» **Data section**:
***
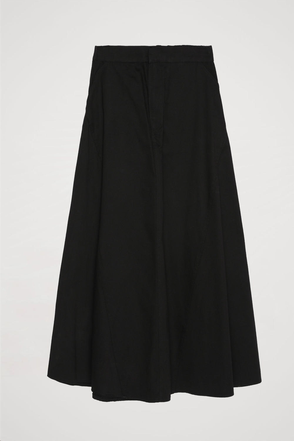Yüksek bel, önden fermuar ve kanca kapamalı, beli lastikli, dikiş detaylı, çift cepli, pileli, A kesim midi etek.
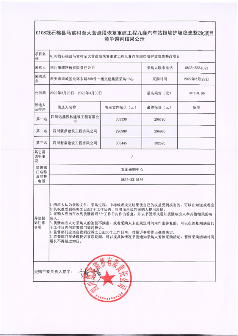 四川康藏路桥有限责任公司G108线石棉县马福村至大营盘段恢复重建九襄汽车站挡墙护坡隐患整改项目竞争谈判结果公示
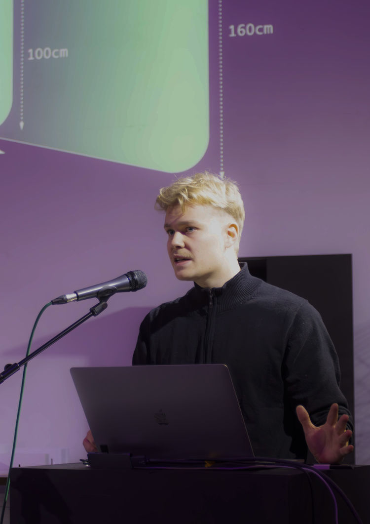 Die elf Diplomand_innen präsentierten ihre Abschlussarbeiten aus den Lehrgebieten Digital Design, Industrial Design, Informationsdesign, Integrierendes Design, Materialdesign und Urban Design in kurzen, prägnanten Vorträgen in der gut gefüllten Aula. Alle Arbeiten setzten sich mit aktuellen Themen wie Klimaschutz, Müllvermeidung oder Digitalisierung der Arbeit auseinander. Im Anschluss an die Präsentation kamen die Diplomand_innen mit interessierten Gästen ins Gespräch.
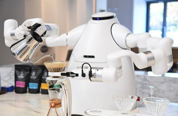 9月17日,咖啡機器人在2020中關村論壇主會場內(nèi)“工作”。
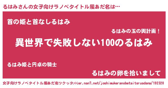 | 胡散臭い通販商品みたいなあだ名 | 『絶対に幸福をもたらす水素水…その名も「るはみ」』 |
***
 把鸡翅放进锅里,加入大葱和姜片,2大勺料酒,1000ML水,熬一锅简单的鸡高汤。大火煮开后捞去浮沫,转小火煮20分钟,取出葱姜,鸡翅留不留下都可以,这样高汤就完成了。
***
» **Required action**: Only the lines above from the one with "Yüksek bel, önden" to the one with "胡散臭い通販商品みたいなあだ名 | 『絶対に幸福をもたらす水素水…その名も「るはみ」』 |" should be printed, both included and exactly as written; no picture belongs in the copy.

» **Written answer**:
Yüksek bel, önden fermuar ve kanca kapamalı, beli lastikli, dikiş detaylı, çift cepli, pileli, A kesim midi etek.
 四川康藏路桥有限责任公司G108线石棉县马福村至大营盘段恢复重建九襄汽车站挡墙护坡隐患整改项目竞争谈判结果公示
 Die elf Diplomand_innen präsentierten ihre Abschlussarbeiten aus den Lehrgebieten Digital Design, Industrial Design, Informationsdesign, Integrierendes Design, Materialdesign und Urban Design in kurzen, prägnanten Vorträgen in der gut gefüllten Aula. Alle Arbeiten setzten sich mit aktuellen Themen wie Klimaschutz, Müllvermeidung oder Digitalisierung der Arbeit auseinander. Im Anschluss an die Präsentation kamen die Diplomand_innen mit interessierten Gästen ins Gespräch.
 9月17日,咖啡機器人在2020中關村論壇主會場內(nèi)“工作”。
 | 胡散臭い通販商品みたいなあだ名 | 『絶対に幸福をもたらす水素水…その名も「るはみ」』 |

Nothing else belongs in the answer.